For BrdU analysis, cells were stained for surface markers, fixed (10 seconds at room temperature in FASCLyse solution; BD Biosciences), and then permeabilized for 12 to 14 hours in fixation/permeabilization solution (BD Biosciences, San Jose, CA) at 4°C. After washing (cold PBS/0.1% BSA), cells were incubated on ice (protected from light) with directly conjugated mAbs specific for BrdU and Ki-67 in the presence of 0.28 mg bovine pancreas-derived DNase 1 (Sigma-Aldrich) for 30 minutes. After staining, cells were resuspended in 2% paraformaldehyde in PBS.
FCM analysis was performed using the FACSCalibur instrument equipped with CellQuest software (BD Biosciences). CD4 and CD8 T-cell subsets were analyzed based on live lymphocyte light scatter profile and surface expression of CD3, CD4, and CD8β molecules. CD8, CD4, CD8+/CD28–, CD4+/CD28–, CD4+/CD28+, and CD8+/CD28+ were analyzed using one-way analysis of variance (ANOVA). Homogeneity of variances was tested using the Levene test, and pairwise comparisons of groups were performed using the Tukey-Kramer method when the homogeneity of variances was indicated and the Games-Howell method when the homogeneity of variances was not indicated. P ≤ .05 is considered statistically significant.
Results
Accumulation of memory-phenotype CD8+ T cells with immediate effector function in aged RMs
To investigate population dynamics of T-lymphocyte subsets in the course of RM aging, we analyzed splenic T-cell phenotypes by 4-color FCM. Animals of different age groups, representing the whole life span of RMs, were selected to perform a cross-sectional analysis of T-cell phenotype and effector function during the period of postnatal development, as well as in the course of advanced aging. To define distinct T-cell subsets, we used surface expression of CD95 and CD28, known to most consistently delineate naive and memory T-cell subsets in both human and the RM14,17 : naive cells were identified by intermediate to high expression of CD28 and a lack of CD95; memory phenotype T cells acquire surface expression of CD95, and can further be divided into CD95hiCD28high central-memory cells, and CD95hiCD28– effector-memory cells, hypothesized to be terminally differentiated.
Typical FCM profiles for the 3 RM age groups (Figure 1) illustrate that, although the neonatal spleen predictably contained mostly naive, CD95– cells, such cells were rapidly lost in the postnatal period, with a shift toward the dominance of CD95high memory cells (Figures 1 and 2A-B). At the population level, a sharp increase in the proportion of CD95high T cells was seen during the first 5 years of life, followed by further accumulation during aging, eventually taking up more than 90% of both the splenic CD4 and CD8 T-cell compartments (Figure 2A-B) (differences were most marked between neonates and juvenile animals and between juveniles and old [Figure 1]; less marked accumulation between adulthood and old age is shown for the whole cohort in Figure 2). This parallel acquisition of CD95 in CD4 and CD8 T cells could be due to similar kinetics of major histocompatibility complex (MHC) class I and class II antigenic exposure, or to other, presently unknown factors. The above data agree with previously published results obtained on RM peripheral blood lymphocytes (PBLs),14 underscoring an extremely early transition toward a memory phenotype in RMs, imposing a question of the functional potential of the above subsets.

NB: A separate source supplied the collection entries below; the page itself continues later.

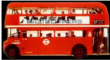
ADVERTISEMENT FOR PIRELLI SLIPPERS, ALAN FLETCHER, 1962

Exhibition and Graphic Design: Graphic Thought Facility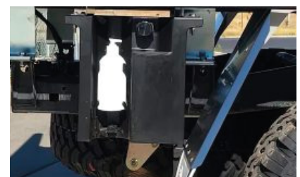
Water tanks - side mounted or under tray From $255 + GST, fitted (each)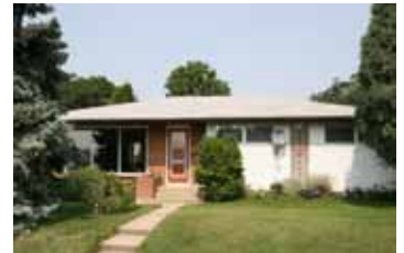
Lendrum Place $374,900 www.11308-55ave.com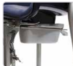
Practical toilet arrangement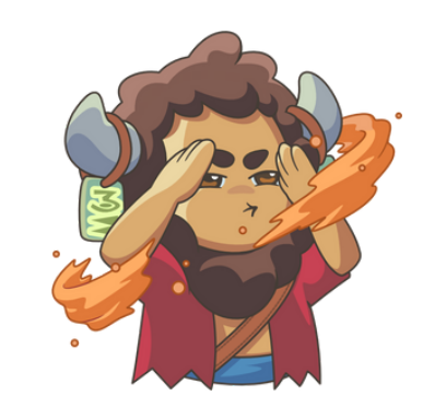
Agwa can only see the colour orange while he is in the storm.

We, therefore, investigated functional hallmarks of T-cell memory by evaluating immediate effector responses of the above subsets to TCR-mediated activation in a costimulation-independent manner. Although the immediate effectors are known to entirely belong to the CD95high T-cell subset8 (not shown), they represent only a fraction of this population. To determine the age-related accumulation of immediate effector T cells within the total memory pool, we used brief ex vivo anti-CD3–mediated stimulation, which provides a strong activating signal to all memory/effector T cells. The capacity of T cells to produce intracellular TNF-α (the most stable and reliable correlate of effector immunity in the RM14 ) on such activation was used as an assay of immediate effector function. Again, neonatal spleens predictably had very few cells capable of immediate effector function (Figure 3A-B). The percentage of TNF-α–secreting cells increased more than 10-fold in the juvenile, compared with the neonate RMs, reaching somewhat higher levels in CD8 than in CD4 cells (Figure 3). Still, less than 33% of all CD95+ cells were immediate effectors in juvenile animals, and that percentage did not change between juveniles and adults. Therefore, although the initial increase in cells capable of immediate effector function coincided with the initial acquisition of the memory phenotype after postnatal exposure to pathogens, most memory-phenotype cells had no immediate effector function. But marked differences were found between the adulthood and the old age cells and also between CD8 and CD4 cells (Figure 3). In the CD4 T-cell subset, immediate effectors, which accumulated early in the postnatal period, did not appreciably increase in representation during advanced aging (Figure 3). Meanwhile, the proportion of TNF-α+ CD8 T cells gradually accumulated, reaching significantly higher levels in the old (> 15 years) compared with juvenile or adult RMs (Figure 3). Therefore, the representation of CD8 immediate effectors T cells within the memory T-cell population specifically increased with aging.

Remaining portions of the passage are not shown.